Rigorous analyses from the Fragile Families and Child Wellbeing Study and reviews by Sara McLanahan and colleagues (The Causal Effects of Father Absence) confirm causal negative effects of father absence on social-emotional adjustment, high school graduation rates, and adult mental health, even after accounting for selection factors like socioeconomic status.

Here are the statistics:

  • 63% of youth suicides are from fatherless homes (US Dept. Of Health/Census) – 5 times the average.
  • 90% of all homeless and runaway children are from fatherless homes – 32 times the average.
  • 85% of all children who show behavior disorders come from fatherless homes – 20 times the average.  (Center for Disease Control)
  • 80% of rapists with anger problems come from fatherless homes –14 times the average.  (Justice & Behavior, Vol 14, p. 403-26)
  • 71% of all high school dropouts come from fatherless homes – 9 times the average.  (National Principals Association Report)
  • 75% of all adolescent patients in chemical abuse centers come from fatherless homes – 10 times the average.

Researchers at Columbia University found that children living in a two-parent household who have a poor relationship with their father are 68% more likely to smoke, drink, or use drugs compared to all teens in two-parent households. Teens in a single mother household are at a 30% higher risk than those in a two-parent household.

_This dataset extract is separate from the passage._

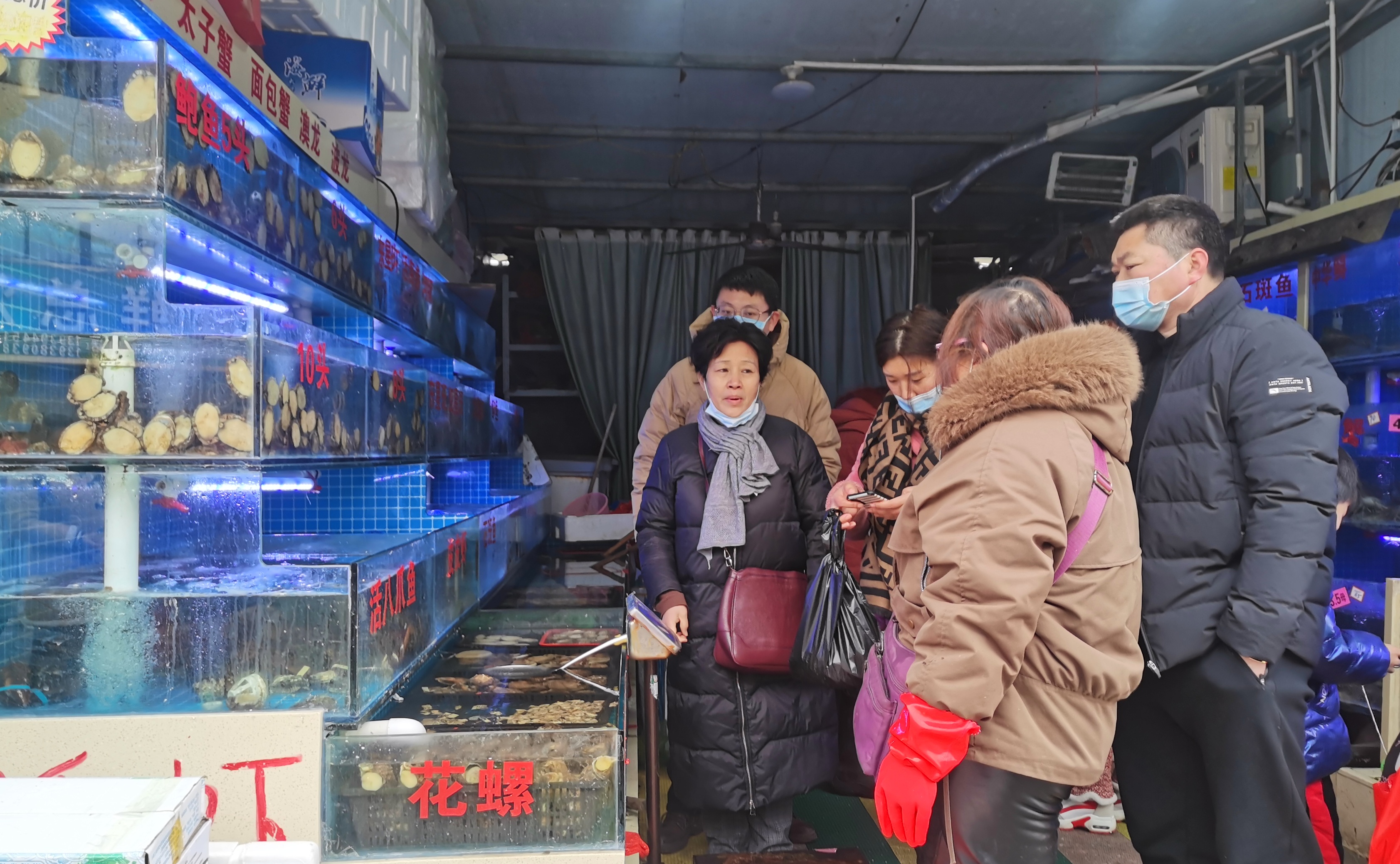 1月27日,黃淮大市場(chǎng)里人來(lái)人往,前來(lái)選購(gòu)的市民絡(luò)繹不絕。 春節(jié)臨近,市民置辦年貨的熱情越來(lái)越高,黃淮大市場(chǎng)內(nèi)年味十足,蔬菜、水產(chǎn)、熟食、副食品等分區(qū)鮮明,各種商品供應(yīng)充足,呈現(xiàn)購(gòu)銷(xiāo)兩旺態(tài)勢(shì)。②11

Promoting father involvement through policies like paid paternity leave, workplace flexibility, parenting programs, and cultural shifts that value engaged fatherhood can yield significant returns. Especially at a time of higher-than-normal youth violence here in Snohomish County.

So, fathers, you matter, and investing in your involvement strengthens not only your children but society from the ground up.

To all the sons, daughters, and special someones, don’t forget dad this weekend and give him the gift that a father could appreciate most: Recognition for how important he has been in your life!

And to my dad, Bahamian calypso singer Lionel Lotmore, I love you and thank you for being the best dad you could be; you did a good job raising me.

lionel lotmore
Lionel and Mary Ann Lotmore, parents to Mario Lotmore.